START Given information
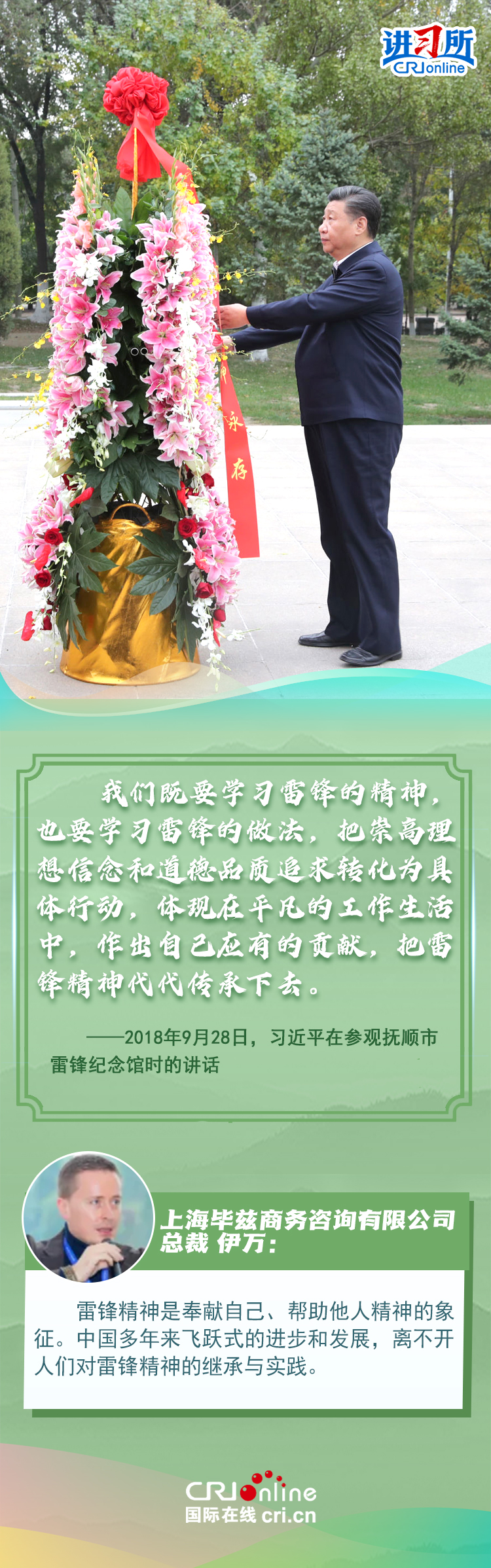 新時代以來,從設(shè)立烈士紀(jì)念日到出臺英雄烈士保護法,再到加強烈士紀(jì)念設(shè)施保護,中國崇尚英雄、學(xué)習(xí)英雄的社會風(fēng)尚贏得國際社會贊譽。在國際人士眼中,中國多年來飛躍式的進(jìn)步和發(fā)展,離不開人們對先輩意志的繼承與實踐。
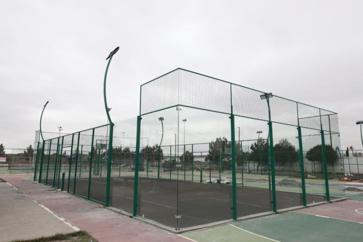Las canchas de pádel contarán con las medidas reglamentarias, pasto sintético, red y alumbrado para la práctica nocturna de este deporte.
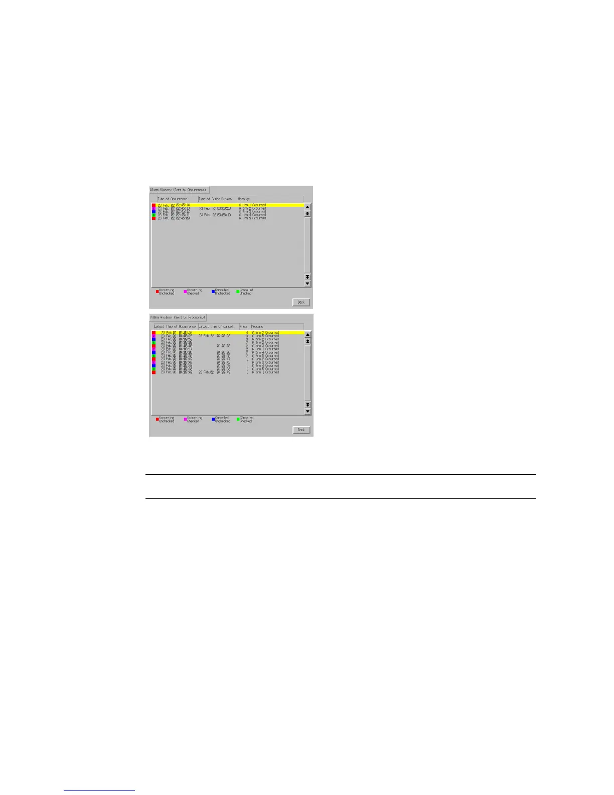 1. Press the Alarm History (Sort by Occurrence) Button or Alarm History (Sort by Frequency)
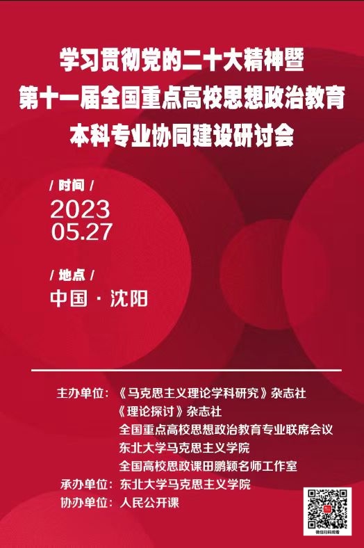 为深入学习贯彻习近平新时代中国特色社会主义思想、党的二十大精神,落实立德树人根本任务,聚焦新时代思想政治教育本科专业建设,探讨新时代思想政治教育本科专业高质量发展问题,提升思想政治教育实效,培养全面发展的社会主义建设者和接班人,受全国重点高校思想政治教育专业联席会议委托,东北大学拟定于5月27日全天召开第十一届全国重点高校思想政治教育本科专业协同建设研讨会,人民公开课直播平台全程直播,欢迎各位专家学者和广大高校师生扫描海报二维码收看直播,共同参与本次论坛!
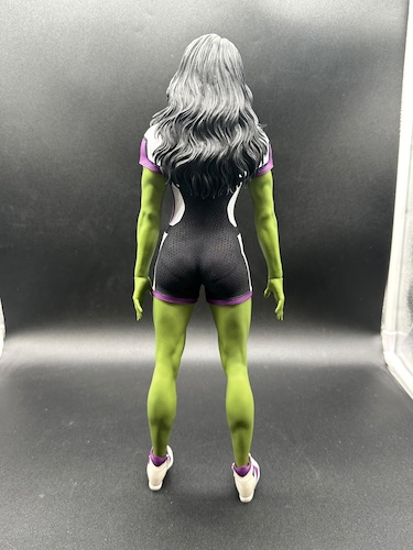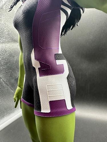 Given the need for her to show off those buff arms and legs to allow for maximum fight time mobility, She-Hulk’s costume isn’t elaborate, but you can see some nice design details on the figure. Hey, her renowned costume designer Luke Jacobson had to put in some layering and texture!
END Given information
The lines to retype begin with the one containing "Las canchas de" and end with the last line of the records. Reproduce them exactly and omit the pictures.

Las canchas de pádel contarán con las medidas reglamentarias, pasto sintético, red y alumbrado para la práctica nocturna de este deporte.
 1. Press the Alarm History (Sort by Occurrence) Button or Alarm History (Sort by Frequency)
 为深入学习贯彻习近平新时代中国特色社会主义思想、党的二十大精神,落实立德树人根本任务,聚焦新时代思想政治教育本科专业建设,探讨新时代思想政治教育本科专业高质量发展问题,提升思想政治教育实效,培养全面发展的社会主义建设者和接班人,受全国重点高校思想政治教育专业联席会议委托,东北大学拟定于5月27日全天召开第十一届全国重点高校思想政治教育本科专业协同建设研讨会,人民公开课直播平台全程直播,欢迎各位专家学者和广大高校师生扫描海报二维码收看直播,共同参与本次论坛!
 Given the need for her to show off those buff arms and legs to allow for maximum fight time mobility, She-Hulk’s costume isn’t elaborate, but you can see some nice design details on the figure. Hey, her renowned costume designer Luke Jacobson had to put in some layering and texture!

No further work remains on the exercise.